[DATASET EXCERPT — start]
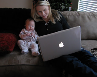 We are getting excited about Christmas around our house! It is so much more fun this year having Avery around for Christmas. We decided to decorate this weekend and it was so much fun putting the tree up and hanging Avery's first ornaments. She loved looking at all the lights on the tree. She also had a fun time with a visit from aunt Laura this weekend!
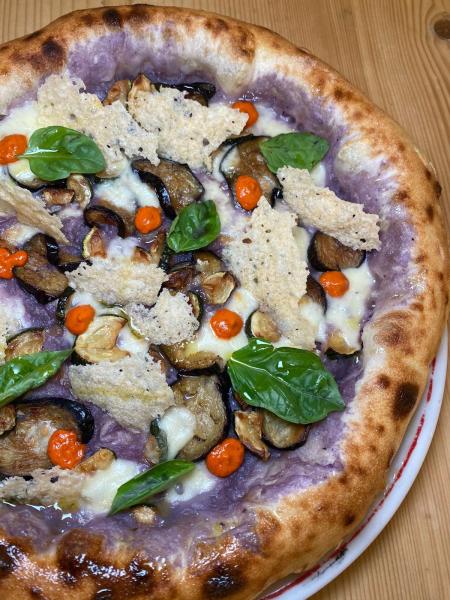 Fiordilatte, crema di patate viola, zucchine, melanzane, crema di peperoni, cialde di grana padano DOP, basilico, olio EVO
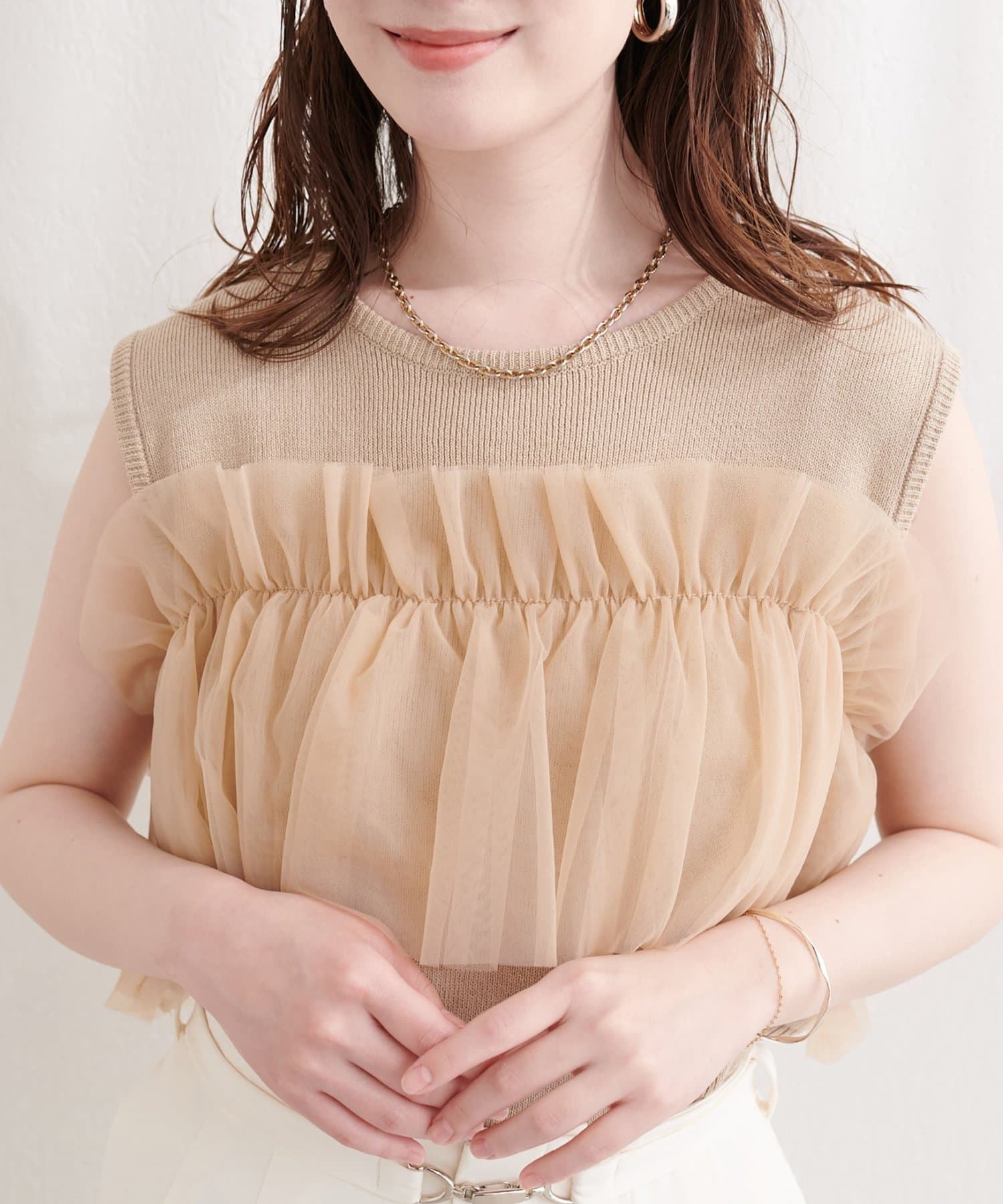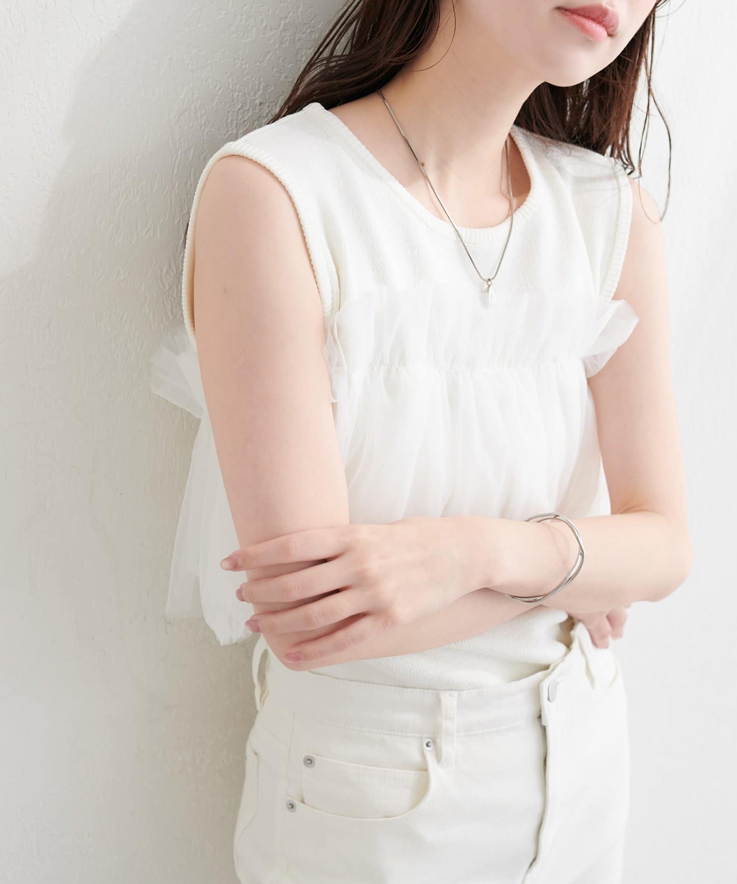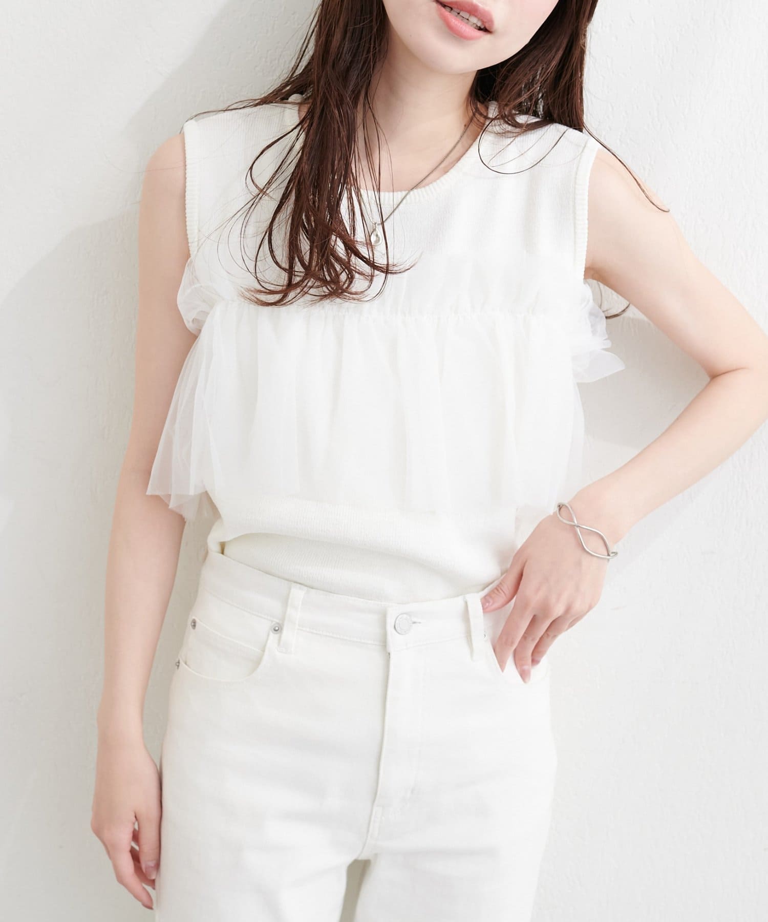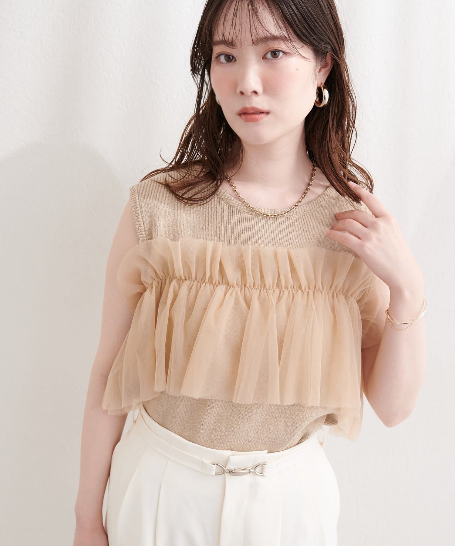 ニットとチュールの異素材ミックスが、単調になりがちなタンクトップスタイルに奥行きをプラス。
[DATASET EXCERPT — finish]
**INSTRUCTIONS FOR THE TASK:** Repeat the listing above exactly, omitting the pictures it contains.

**SOLUTION TO THIS TASK:**
 We are getting excited about Christmas around our house! It is so much more fun this year having Avery around for Christmas. We decided to decorate this weekend and it was so much fun putting the tree up and hanging Avery's first ornaments. She loved looking at all the lights on the tree. She also had a fun time with a visit from aunt Laura this weekend!
 Fiordilatte, crema di patate viola, zucchine, melanzane, crema di peperoni, cialde di grana padano DOP, basilico, olio EVO
 ニットとチュールの異素材ミックスが、単調になりがちなタンクトップスタイルに奥行きをプラス。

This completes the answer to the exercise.